I have two large CSV with data that I want to compare. I used pandas therefore I have two data frames to work with easier, but the program takes too long to finish and compare all the data.
I am comparing the data sent with the received, in order to get the latency time, for that I put a double loop and the program works fine. But I want to know if there is a faster way to do this, because for my heaviest files it takes days to finish the program.
I am working with large files, the first has 68001 rows and the second has 837190 rows. But the program takes too long. Thanks in advance.
Explanation of how my code works
I am doing some performance tests of the MQTT broker, for which I created the paho clients that send and receive messages, the data sent was stored in a csv to later calculate the latency.
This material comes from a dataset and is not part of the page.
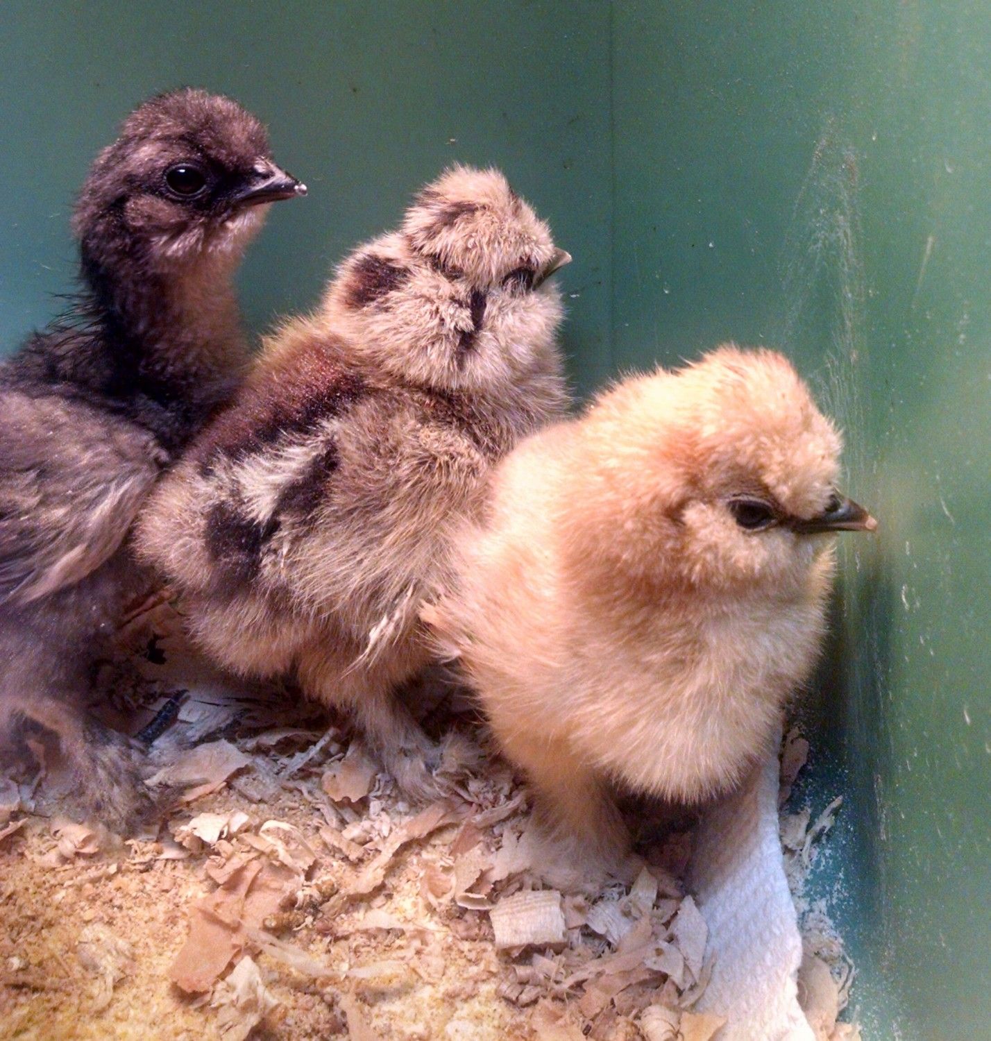 I've recently purchased 3 silkie chicks that I am hand raising in my home. I'm illustrating a children's book and they are going to be characters, so this time around I purchased show silkies. I'm pretty sure the blue is a boy. There is also what appears to be a light partridge and then the third, a dark patridge. With my old silkies, when they were chicks, one was a rooster. He turned out to be the orneriest of orneries so he was placed with another chicken person.

The csv of the Publishers (users who publish) contains the publisher's client ID, the account, the timestamp, and the topic to which it is subscribed.
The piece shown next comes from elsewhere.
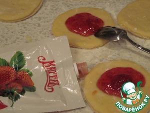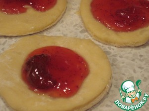 Выложим на тесто начинку, я взяла клубничный джем ТМ Махеевъ, он оказался очень ароматным.

While the subscribers (users who receive the message) contain the timestamp when the message is received, the message received, the count (counter for the number of messages), the publisher's client ID and the topic.
Now to calculate the latency, evaluate row by row with a loop that starts at 0. That's why I used a loop for df1 (dataframe of the publishers) and the first row of the df2 (dataframe of the message receivers).
With the conditional "if" I compare the client's ID, the count number, and the topics where the messages were sent from the first row of the dataframe df1, which corresponds to the first client to send a message and I compare it with the first row of the dataframe df2, to see if the client ID, count and topic match.
If it coincides, I proceed to subtract the times to calculate the Latency, locating myself in the column corresponding to the times, and then store them in another csv, which is almost the last line you can see.
If the conditional is not fulfilled, continue and goes to the next iteration of the loop corresponding to the df2. Therefore df1 will remain in the same position until the df2 loop has finished evaluating if there are matches in all the lines of its dataframe. I hope I have explained myself well.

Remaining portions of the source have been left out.